Whilst the derivation of the name is not conclusive, the Department of Lands Grant Book reveals the first land owner in the area was William Detmar Cook who purchased a property on 29 October 1839. Cook was Master of the barque Eden.
There was little settlement of the area until the early 1880s, when the railway from Adelaide to Nairne opened, being the first stage in the plan to link Adelaide to Melbourne. In 1883, a syndicate comprising John Whyte, James Cowan, Ebenezer Ward, John Hill, R.D. Moore, Seth Ferry and G.H. Catchlove acquired the sections of land where the suburb is now centred, and following a survey laid out the land into allotments.
Around that time Edwin Ashby moved into the area. Ashby and fellow land agent and financier Ernest Saunders owned and largely developed much of Eden Hills from 1890 and Ashby established the property Wittunga (now the Wittunga Botanic Garden) in Blackwood.
The opening of the Eden Hills railway station in 1911 hastened development in the area. A post office and store opened in 1912 and a school (now Eden Hills Primary School) opened in 1916. The school's original stone classroom survives as a reception area. The Ashby family instigated the building of a Friends meeting house in 1912 which served as a venue for several religious denominations, the local dramatic society and other community events. It was demolished in 1956. An Anglican Parish Hall was built in 1927, and a Methodist church established in 1937, moving to its current location (now Eden Hills Uniting Church) in 1957.
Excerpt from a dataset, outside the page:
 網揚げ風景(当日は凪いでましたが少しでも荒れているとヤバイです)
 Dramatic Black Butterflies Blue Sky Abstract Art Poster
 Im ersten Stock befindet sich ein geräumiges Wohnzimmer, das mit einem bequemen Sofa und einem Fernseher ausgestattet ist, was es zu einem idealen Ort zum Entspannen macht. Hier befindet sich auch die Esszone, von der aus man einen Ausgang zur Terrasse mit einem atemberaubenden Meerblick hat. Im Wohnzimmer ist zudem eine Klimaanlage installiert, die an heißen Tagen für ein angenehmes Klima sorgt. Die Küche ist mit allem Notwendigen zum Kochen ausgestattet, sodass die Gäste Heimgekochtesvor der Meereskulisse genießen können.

A brickworks was established near the railway line and (originally Shephard's) Shepherds Hill Road in 1881 to facilitate the building of railway tunnels and remained in operation until 1933. A smaller brickyard operated near Parham Road from 1884-1930. Nearby in Wade Road is Seaview, the oldest known residence in Eden Hills, built in 1849.
Places of interest
Blackwood High School, Blackwood Primary School and Eden Hills Primary School are located in Eden Hills. Eden Hills railway station is on the Belair railway line. Eden Hills also has a Country Fire Service Station, established in 1951.
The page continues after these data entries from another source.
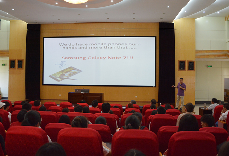 讲座围绕声子、热输运的基本理论、测量技术、声子热器件等方面内容展开。重点介绍了非线性晶格模型的热效应、热三极管和负热阻效应。报告结束后,李教授就“负热阻是否存在”、“反常系数的深层次原理是什么”、“热三极管的应用关键是否是非线性材料”等问题与现场的师生进行了讨论。讲座内容丰富,深入浅出,引起了师生们的广泛讨论,激发大家的科研热情。
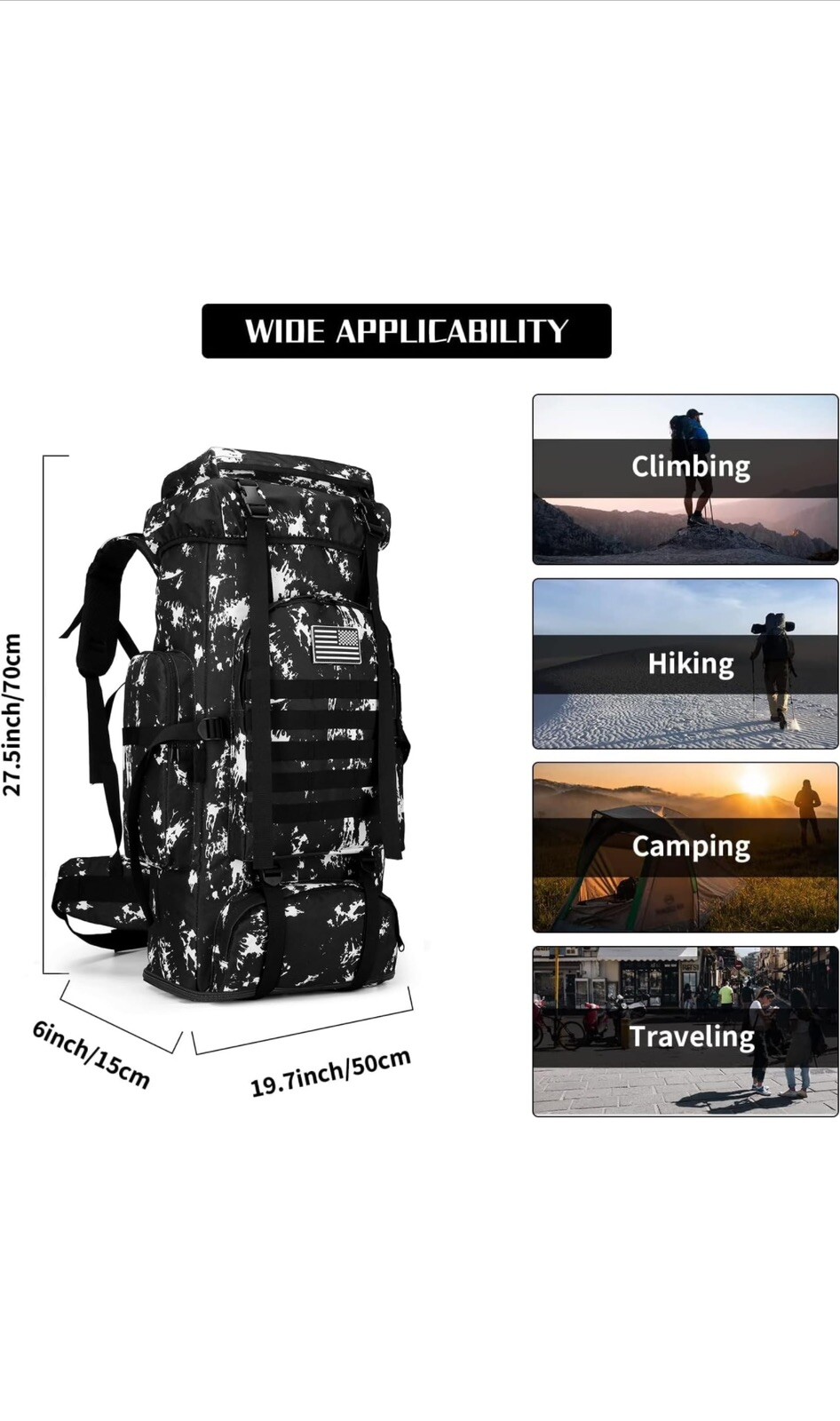 Hiking Backpack for Men 70L/100L Camping Backpack Military Rucksack Molle 3 Days Assault Pack for Climbing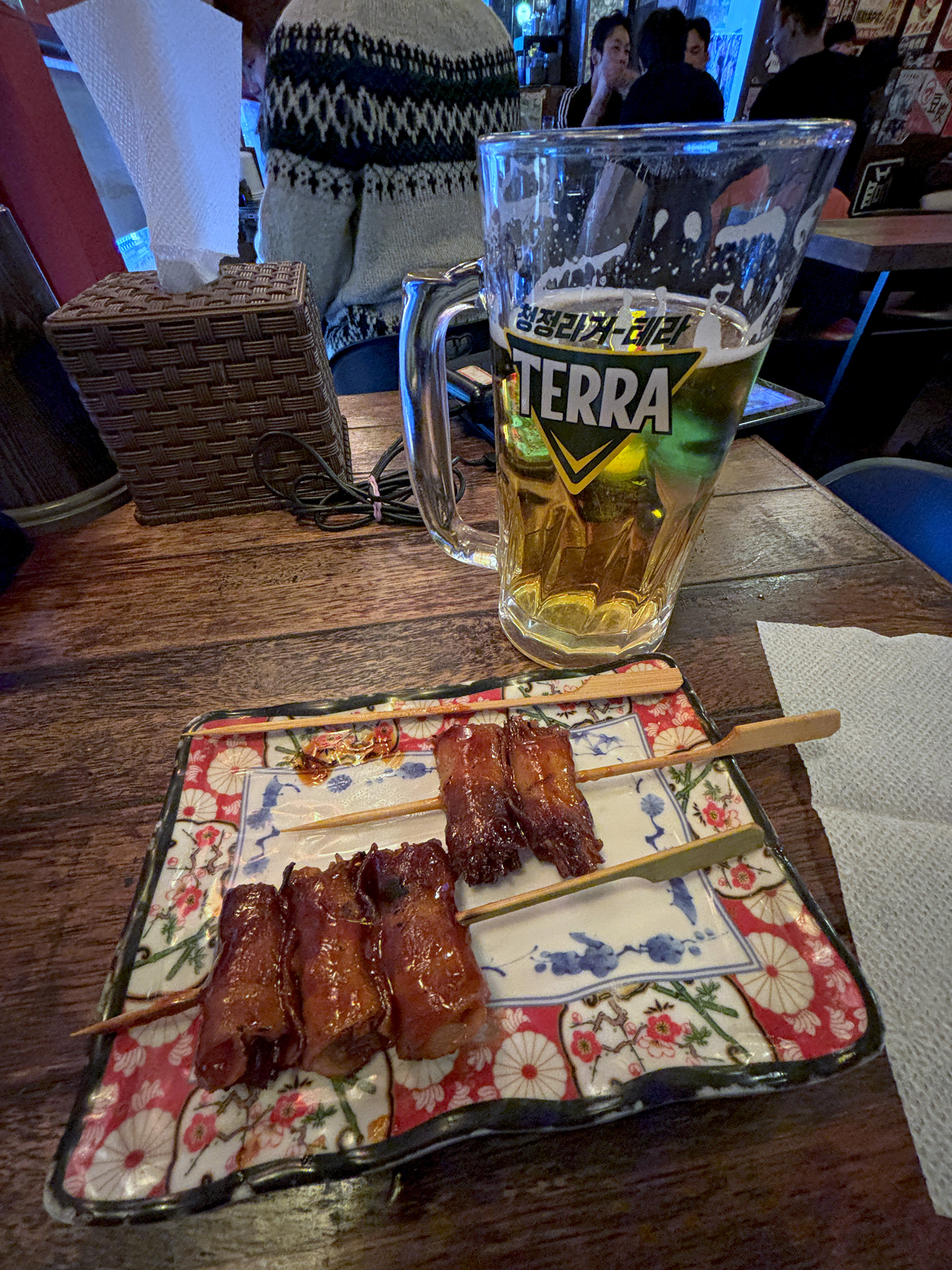 It was most likely that chutney at Mumbai’s Terminal 2 that did the trick. A miserable first leg ensued, with nausea and cold sweats dominating, and not a wink of shut-eye as a result. While in transit at Bangkok’s Suvarnabhumi, a little sleep was made up for, but having starved myself for the better part of a fairly lengthy travel day, I was glad to be walking up that flight of steps, into the warm embrace of an Izakaya-style bar. Skewers of enoki mushroom wrapped in pork belly were hurriedly summoned, along with a pint of Terra to wash it all down. A fairly audacious order, no doubt, given the fragile state of my stomach. Thankfully, I survived.

Watiparinga Reserve and adjacent land near Gloucester Avenue in Eden Hills was added to the Register of the National Estate in 1996. It comprises approximately 32 hectares and is considered a significant cultural landscape, exhibiting a diverse range of flora and provides an early example of nature conservation efforts in South Australia from the 1950s. The Reserve also contains remnants of the original 1880s Adelaide to Melbourne railway line, including an original single-track tunnel and concrete viaduct buttresses. The Reserve contains the first National Trust plaque to be erected in South Australia, which was unveiled in 1959.
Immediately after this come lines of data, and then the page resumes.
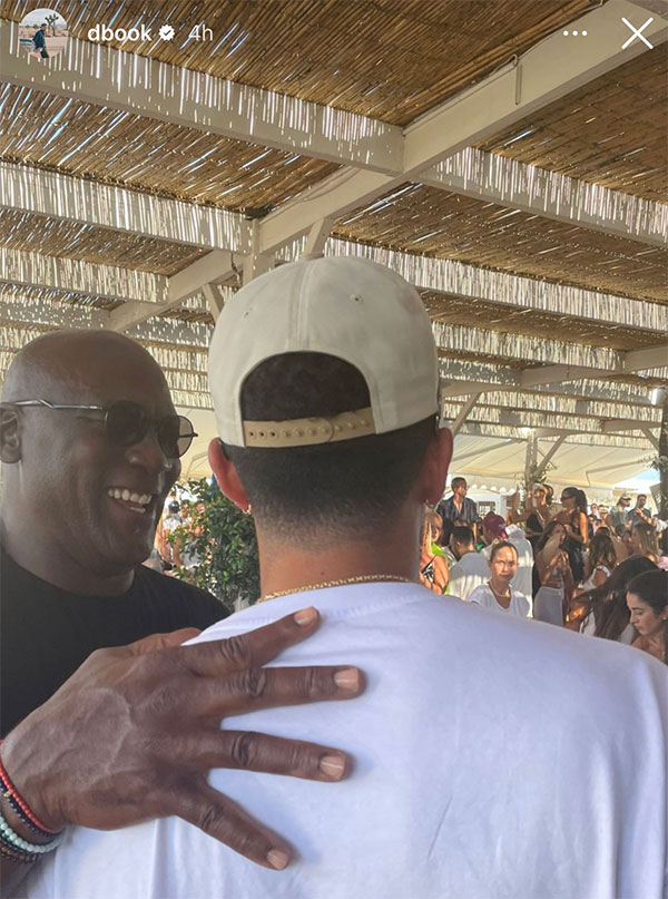 值得一提的是,布克和黄蜂队小老板迈克尔-乔丹一起意大利度假,布克晒两人同框照,乔丹搂着布克咧嘴大笑,现场美女如云,他们应该是一起参加派对。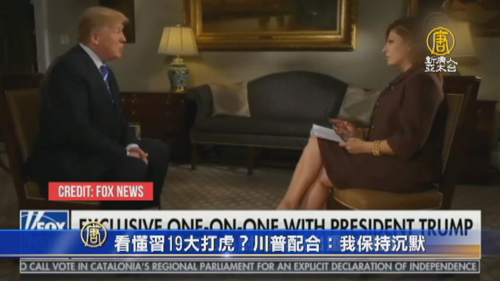 美國總統川普,肯定,並且瞭解習近平在中國十九大的打虎打貪嗎?帶您看到,在 最新的電視台專訪中,川普除了肯定習近平對北韓的箝制,還說,面對中共19大政治清剿上升,他會,保持低調,直到習近平得到他要的。 //asset1.ntdtv.com.tw/public/uploads/assets/2017/10/23/2017-10-23-59ede346611a6.mp4 川普訪中|習近平打虎|北韓|稅改紀念日|健保|習近平|打虎2017-10-24 00:22:39
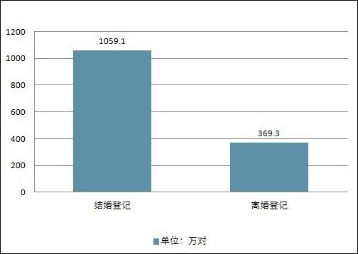 藍色柱狀:結婚數據;橙色柱狀:離婚數據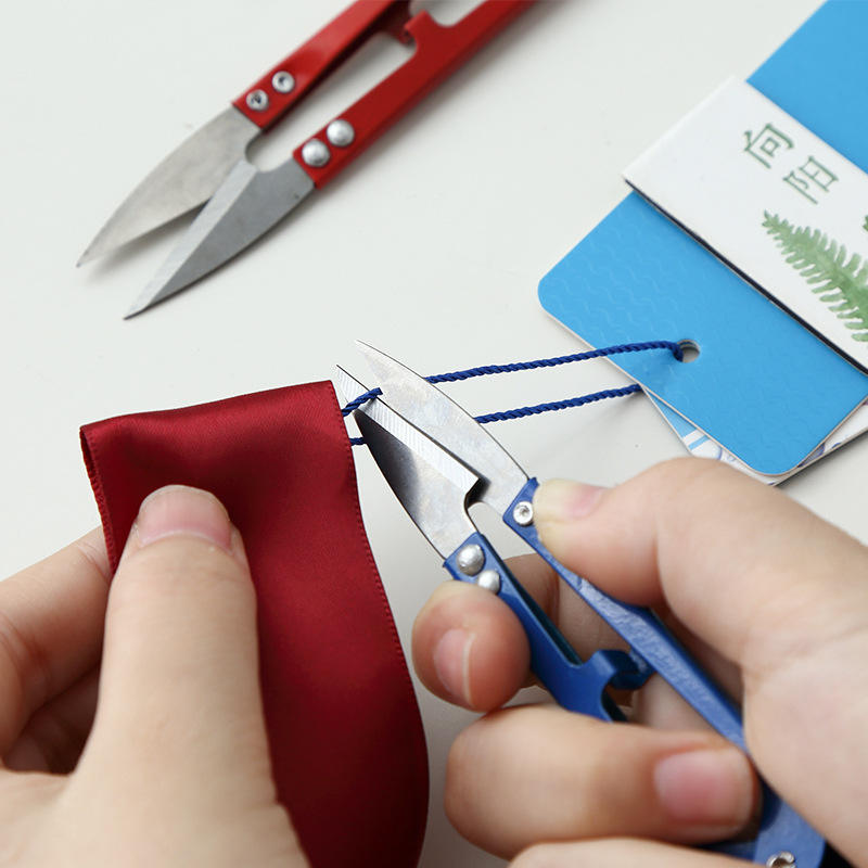 Tijeras en forma de U de acero inoxidable para bordado de punto de cruz, hilo de coser, línea de pesca, recorte, uso doméstico, bricolaje, color rojo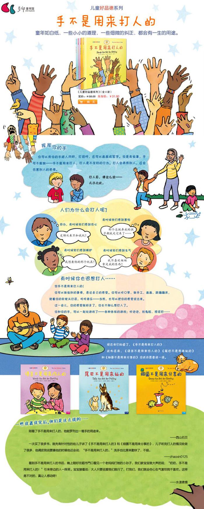● 手用来打人?还是用来帮助人?语言用来伤人?还是用来让彼此高兴?《手不是用来打人的》《语言不是用来伤人的》,靠诉儿童与外界交流的基本准则,让儿童与外界的交流,畅通无碍。
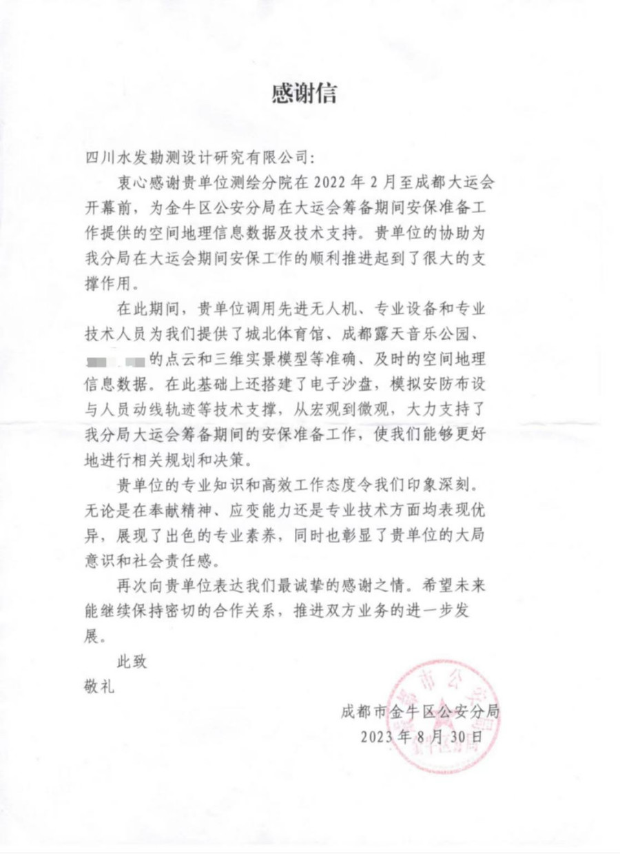 信中指出,设计公司测绘分院在大运会筹备期间所展现出的专业知识和高效的工作态度令金牛区公安分局印象深刻,无论是在奉献精神、应变能力还是专业技术方面均表现优异,展现了出色的专业素养,同时也彰显了设计公司的大局意识和社会责任感。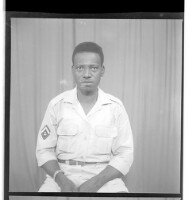 58. EAP449/2/14/221 Reference (shelfmark): EAP449/2/14/221 Title: A man wearing a shirt and pants sitting face-forward in the studio. Collection Area: Endangered Archives Programme Languages: Not applicable Date Range: 2nd half od the 20th century Extent: 1 TIFF image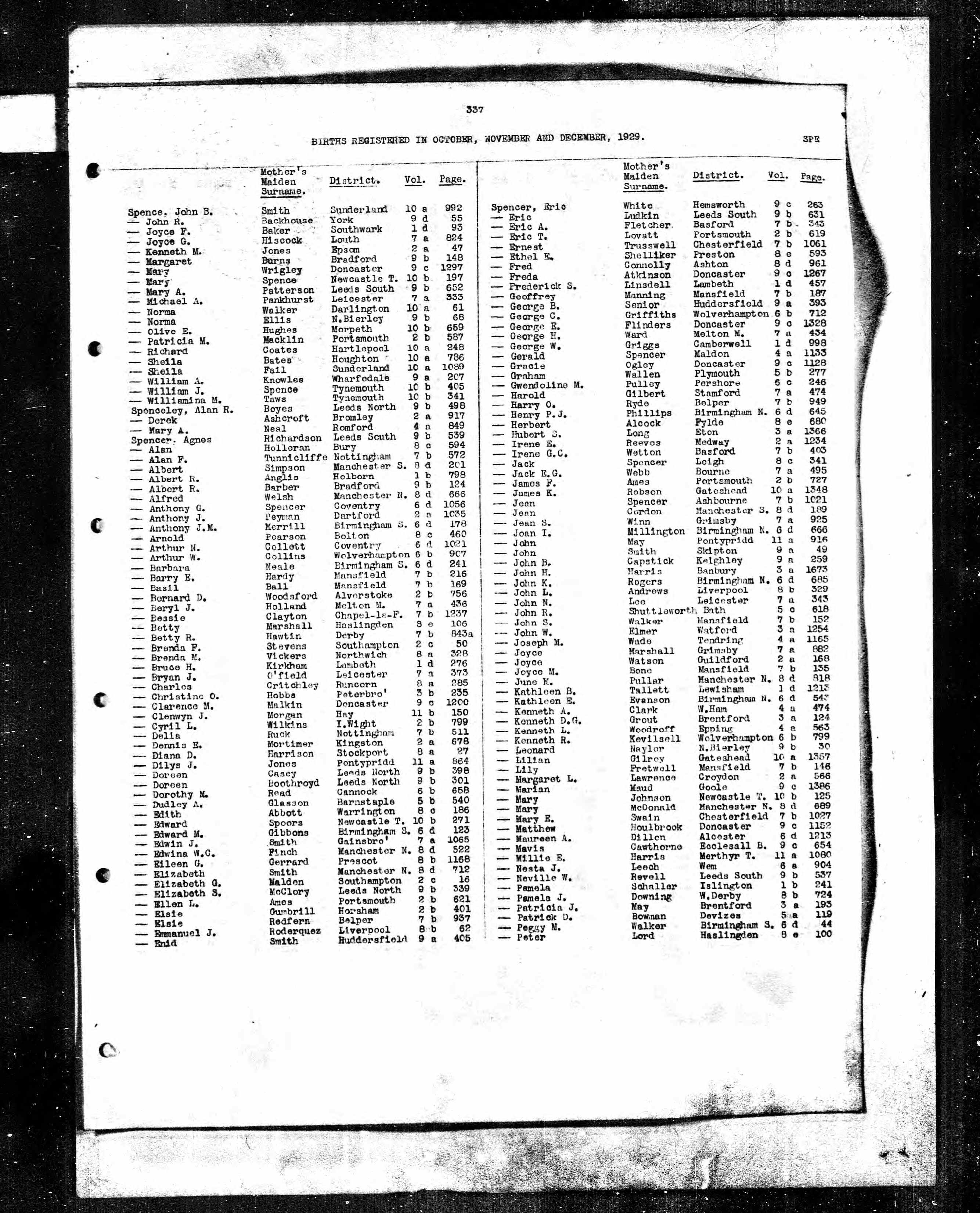 Mary A Spence - England & Wales, Birth Index, 1916-2005

Watiparinga Reserve was developed as farmland in 1850-51 and acquired by Ernest Saunders and Edwin Ashby in 1911. The South Australian Railways bought some of the land for the single-track railway line and viaduct in 1880. During World War II the former railway tunnel in the reserve was used for safe storage of South Australian art treasures and is now used to grow mushrooms commercially. The property was transferred to Edwin Ashby in 1922 and farmed as part of his Wittunga property. In the late 1950s his daughter Alison Ashby began planting thousands of seedlings of Australian plants in Watiparinga. She eventually donated Watiparinga to the National Trust in 1957.
Wittunga Botanic Garden
The Wittunga Botanic Garden, in the southeastern corner of the suburb and extending east into Blackwood, was also part of Edwin Ashby's Wittunga property. Originally a formal English garden at Ashby's home, his son Arthur Keith Ashby later included South African and native Australian plants. The garden was donated to the State in 1965, and is now administered as one of the three Botanic Gardens in Adelaide, the others being the Adelaide Botanic Garden and the Mount Lofty Botanic Garden.
Colebrook Reconciliation Park
Colebrook Reconciliation Park in Eden Hills was established from 1998 as a memorial to the children who were removed from their families and housed at Colebrook Home, a "United Aborigines" mission which had originated in Oodnadatta in 1924, moved to Quorn, then finally relocated to Eden Hills in 1942. At its Eden Hills location, Colebrook Home continued to house children, including prominent Aboriginal Australian health worker and public administrator Lowitja O'Donoghue. By 1956 the property was in poor condition and the home was finally closed in 1972 and demolished in 1973.
The Reconciliation Park was born out of meetings in the 1990s between a local reconciliation study group and the Tji Tji Tjuta (former residents) of Colebrook Home. This led to memorial works including Fountain of Tears, created in 1998 by Silvio Apponyi and Grieving Mother in 1999.